* Exercise aim
For this task, extract exactly the lines of the data below, from the line containing "Reinecke, Johann Christoph" through the last one, with pictures left out.

START Supplied information

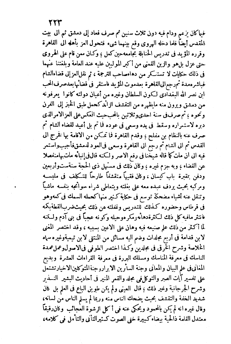 ثمَّ نقل إِلَى الْعِزّ إِلَى قَضَاء الشَّام فباشره مُدَّة ثمَّ رَجَعَ إِلَى الْقَاهِرَة بعد موت الْمُؤَيد فاستقر فِي قَضَائهَا بعد صرف الْمُحب ابْن نصر الله الْبَغْدَادِيّ لكَون السُّلْطَان وَغَيره من أَعْيَان دولته كَانُوا يعرفونه من دمشق ويرون مِنْهُ مَا يظهره من التقشف الزَّائِد كحمل طبق الْخبز إِلَى الفرن وَنَحْوه ثمَّ صرف فِي سنة إِحْدَى وَثَلَاثِينَ بالمحب حَيْثُ انعكس على الْعِزّ الْأَمر الَّذِي دبره لاستمراره وَسقط فِي يَده وسعى فِي عوده فَمَا تمّ بل أُعِيد لقَضَاء الشَّام ثمَّ صرف عَنهُ بالنظام بن مُفْلِح وَقدم الْقَاهِرَة فَمَا تمكن من الاقامة بهَا فَخرج إِلَى الْقُدس ثمَّ إِلَى الشَّام ثمَّ رَجَعَ إِلَى الْقَاهِرَة وسعى فِي الْعود لدمشق فَأُجِيب وَاسْتمرّ فِيهِ إِلَى أَن مَاتَ كَمَا قَالَه شَيخنَا فِي رفع الاصر وَلكنه قَالَ فِي إنبائه مَاتَ بهَا مُنْفَصِلا عَن الْقَضَاء وَبِه جزم غَيره وَكَانَ فَقِيها متقشفا طارحا للتكلف فِي ملبسه ومركبه بِحَيْثُ يردف عَبده مَعَه على بغلته وَيتَعَاطَى شِرَاء حَوَائِجه بِنَفسِهِ مَاشِيا وتنقل عَنهُ أَشْيَاء مضحكة توسع فِي حِكَايَة كثير مِنْهَا كحمله السّمك فِي كمه وَهُوَ فِي قرطاس وحضوره كَذَلِك للتدريس وغفلته عَن ذَلِك بِحَيْثُ ضرب القطة بكمه فانتثر مَا فِيهِ كل ذَلِك لِكَثْرَة دهائه ومكره وحيله وَكَونه عجبا فِي بني آدم وَلكنه لما أَكثر من ذَلِك علم صَنِيعه فِيهِ وَهَان على الْأَعْين بِسَبَبِهِ، وَقد اختصر الْمُغنِي لِابْنِ قدامَة فِي أَربع مجلدات وَضم إِلَيْهِ مسَائِل من المنتقي لِابْنِ تَيْمِية وَغَيره سَمَّاهُ الْخُلَاصَة وَشرح الْخرقِيّ فِي مجلدين وَكَذَا اختصر الطوفي فِي الاصول وَعمل عُمْدَة الناسك فِي معرفَة الْمَنَاسِك ومسلك البررة فِي معرفَة الْقرَاءَات الْعشْرَة وبديع المغاني فِي علم الْبَيَان والمعاني وجنة السائرين الابرار وجنة المتوكلين الأخيار تشْتَمل على تَفْسِير آيَات الصَّبْر والتوكل فِي مُجَلد وَالْقَمَر الْمُنِير فِي أَحَادِيث البشير النذير وَشرح الجرجانية وَغير ذَلِك قَالَ الْعَيْنِيّ وَلم يكن طَوِيل الباع فِي الْعلم بل كَانَ شَدِيد الخفة والتقشف بِحَيْثُ يضْحك النَّاس مِنْهُ وَرُبمَا لم يسلم النَّاس من لِسَانه، وَقَالَ غَيره إِنَّه لم يكن بالمحمود ويحكى عَنهُ فِي أكل الرِّشْوَة الْعَجَائِب وَكَانَ رَقِيقا معتدل الْقَامَة ذَا لحية بَيْضَاء كَبِيرَة خَفِي الصَّوْت كثير التأني والتأمل فِي كَلَامه،
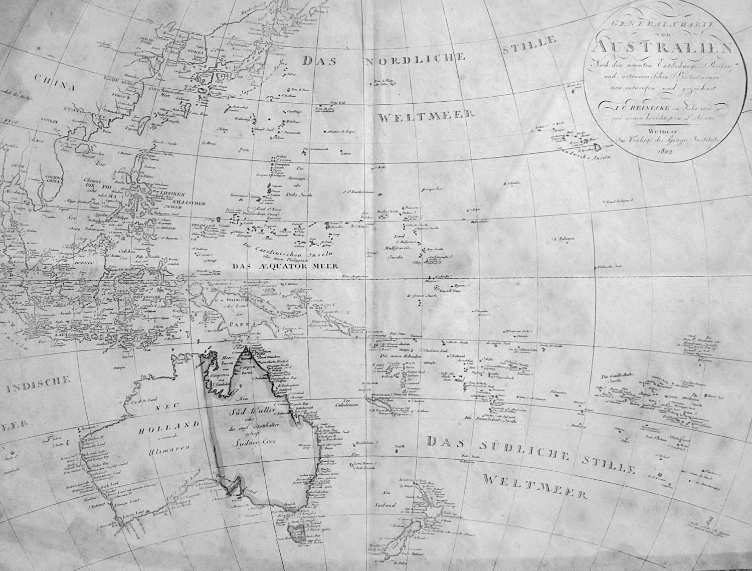Reinecke, Johann Christoph Matthias. General-Charte von Australien. Nach den neuesten Entdeckungs-Reisen und astronomischen Bestimmungen. Grenzkolorierte Kupferkarte. 47 x 63,5 cm (Passepartout). Unter Glas mit Passepartout in goldgeprägter Holzprofilleiste. Weimar 1822.
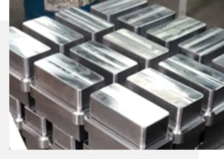Stacked metallic blocks arranged in rows, viewed from above.

END Supplied information

* Solution below
Reinecke, Johann Christoph Matthias. General-Charte von Australien. Nach den neuesten Entdeckungs-Reisen und astronomischen Bestimmungen. Grenzkolorierte Kupferkarte. 47 x 63,5 cm (Passepartout). Unter Glas mit Passepartout in goldgeprägter Holzprofilleiste. Weimar 1822.
Stacked metallic blocks arranged in rows, viewed from above.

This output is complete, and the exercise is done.